My last post was about coping strategies that kids and adults use to minimize or deny the big, unavoidable fears in life.  I was thinking over the weekend, though, that there are also two, somewhat opposing ways to confront those fears head on, the way Frog and Toad did.

The first, I think, is to make long-term plans, and to invest in relationships most of all.  The most calamitous moment of my life was when I found out that my mom had died, seven years ago this month.  I’ve written before about how in the aftermath of her death, the only way forward seemed to be to start building our family again.  Two years later, Caroline and I got married, and less than a year after that, Jay was born. Forming relationships and giving yourself over to other people, even knowing that they can be taken from you in a second, seems to me to be the best way to say, “I am not afraid.”

If the first way is to make long-term plans, I think the second is to act spontaneously. On Sunday morning, while still in our pajamas, Caroline and I were talking about how much we missed being in Maine.  Our summer there was feeling far away, when Caroline remembered that the beach is just 100 miles from Columbia, and pointed out that we didn’t actually have any plans that day.

Routine is one of my biggest coping strategies.  I think that if I can get my daily schedule calibrated just right, and stick to it, I can guard against life spiraling out of control.  But the pull of the beach was powerful, so I took the boys into the backyard while Caroline did some research online.  An hour later we pulled out of the driveway, with directions to a seafood restaurant just outside of Charleston written on an index card.

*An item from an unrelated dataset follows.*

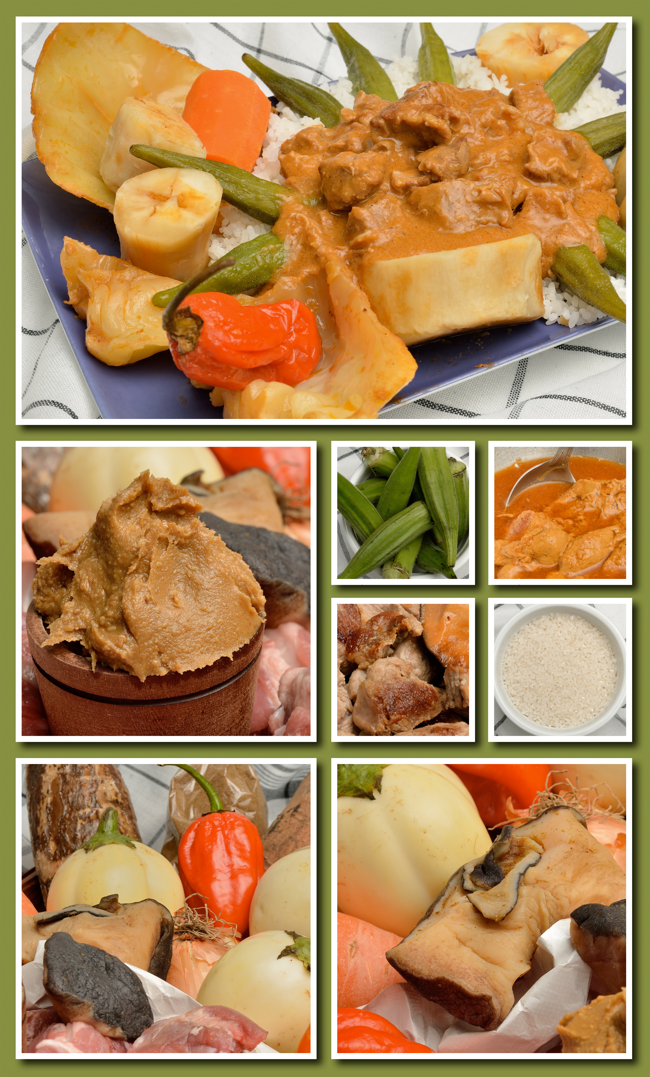 땅콩 스튜는 지역에 따라 다양한 조리법으로 만들어진다. 일반적으로 닭고기, 토마토, 양파, 마늘, 양배추, 잎채소 또는 뿌리채소를 넣는다. 오크라, 옥수수, 당근, 계피, 고추, 파프리카, 후추, 강황, 커민 등 다양한 향신료를 사용하기도 한다.

Two hours after we left home, we were eating crab cakes on a deck overlooking a waterway lined with shrimp boats.  And after that we drove to the beach. The approach was lined with palmetto trees, which still haven’t gotten old.  Caroline and I shared a moment of disbelief, that in the time it takes to go grocery shopping, we’d arrived in a scene that felt like a vacation.  The ocean was still warm on the first weekend in November, and Jay and Wally quickly partnered with an eight-year-old girl who had come well-equipped with sand shovels.

The rest of the afternoon featured some stressful moments, but overall felt triumphant.  It feels good to say, sometimes, that you’re not afraid to make your own way through the day.